What is being asked: Transcribe the listing below in full, exactly, with no images.

---------- Data provided

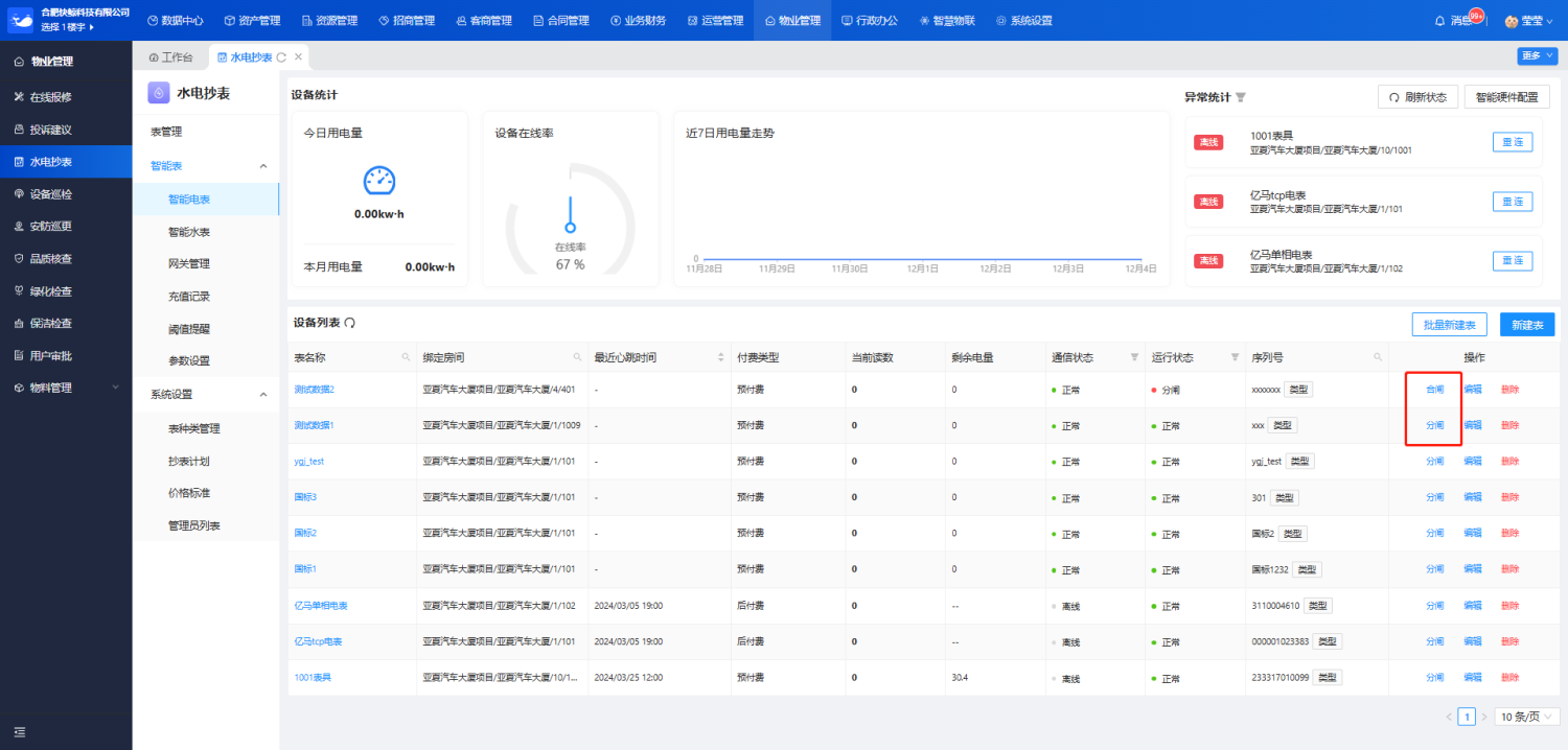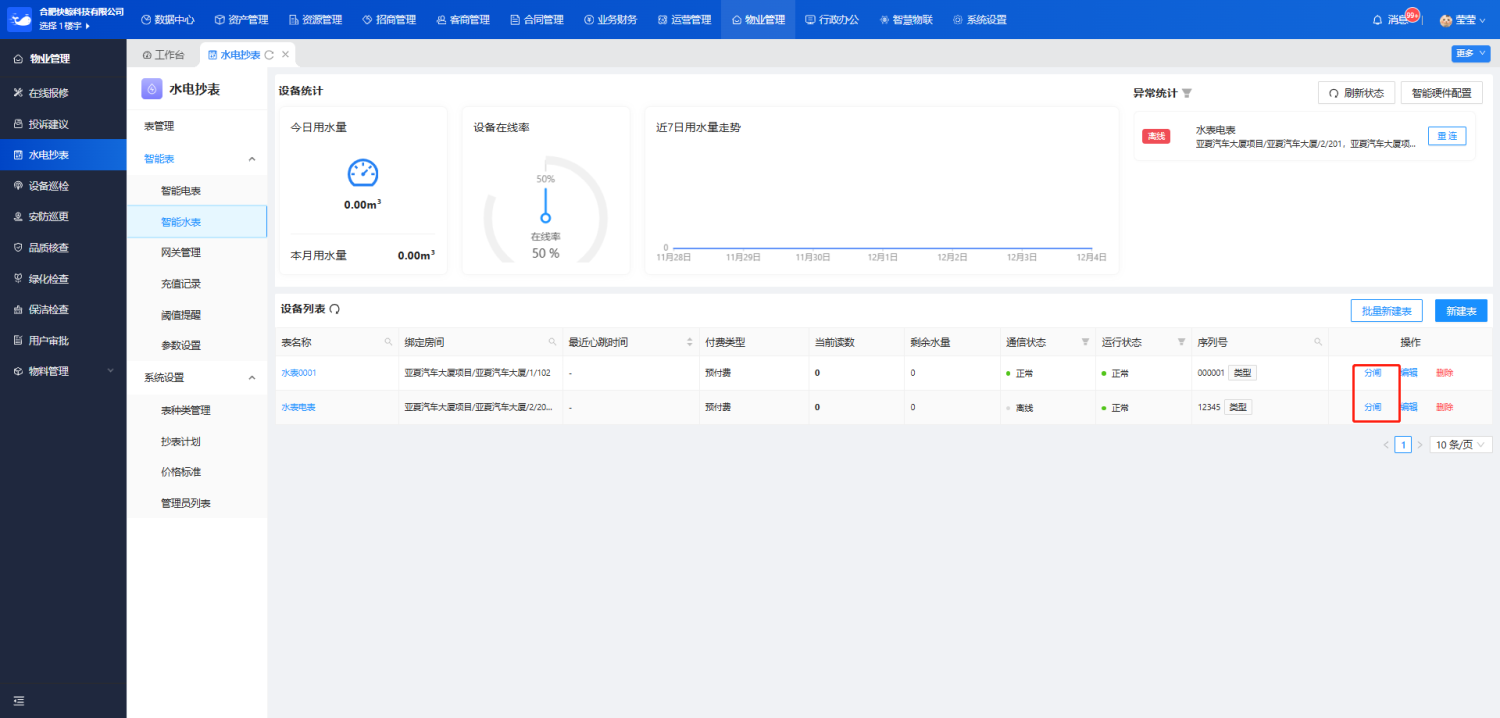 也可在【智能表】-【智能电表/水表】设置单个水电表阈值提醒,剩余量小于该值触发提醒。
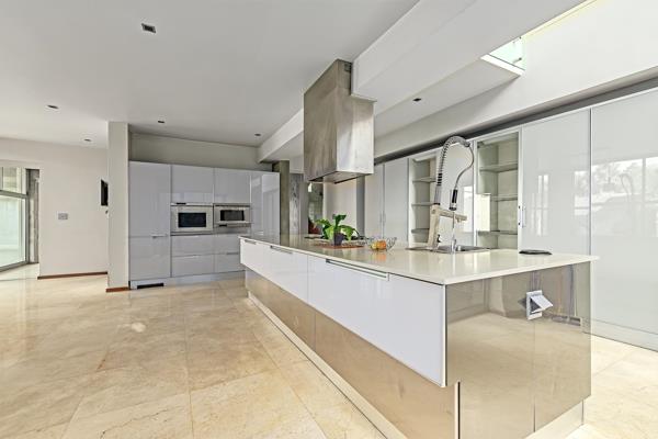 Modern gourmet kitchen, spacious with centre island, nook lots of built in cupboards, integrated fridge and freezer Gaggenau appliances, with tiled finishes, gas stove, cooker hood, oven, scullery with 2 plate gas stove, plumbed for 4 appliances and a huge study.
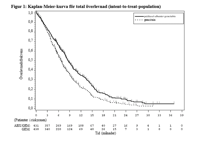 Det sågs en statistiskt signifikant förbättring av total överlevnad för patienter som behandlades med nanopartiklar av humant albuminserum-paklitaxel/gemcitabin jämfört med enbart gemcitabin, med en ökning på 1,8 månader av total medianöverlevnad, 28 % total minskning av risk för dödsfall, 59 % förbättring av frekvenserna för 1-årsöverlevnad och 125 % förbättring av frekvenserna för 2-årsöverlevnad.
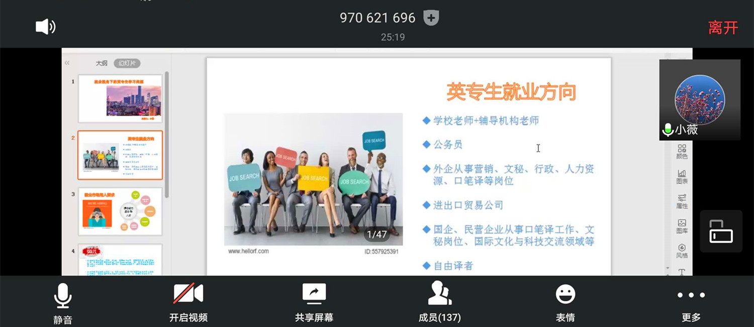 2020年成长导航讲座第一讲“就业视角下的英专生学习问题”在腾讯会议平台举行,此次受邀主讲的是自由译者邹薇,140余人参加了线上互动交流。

--------------------

Answer section:
 也可在【智能表】-【智能电表/水表】设置单个水电表阈值提醒,剩余量小于该值触发提醒。
 Modern gourmet kitchen, spacious with centre island, nook lots of built in cupboards, integrated fridge and freezer Gaggenau appliances, with tiled finishes, gas stove, cooker hood, oven, scullery with 2 plate gas stove, plumbed for 4 appliances and a huge study.
 Det sågs en statistiskt signifikant förbättring av total överlevnad för patienter som behandlades med nanopartiklar av humant albuminserum-paklitaxel/gemcitabin jämfört med enbart gemcitabin, med en ökning på 1,8 månader av total medianöverlevnad, 28 % total minskning av risk för dödsfall, 59 % förbättring av frekvenserna för 1-årsöverlevnad och 125 % förbättring av frekvenserna för 2-årsöverlevnad.
 2020年成长导航讲座第一讲“就业视角下的英专生学习问题”在腾讯会议平台举行,此次受邀主讲的是自由译者邹薇,140余人参加了线上互动交流。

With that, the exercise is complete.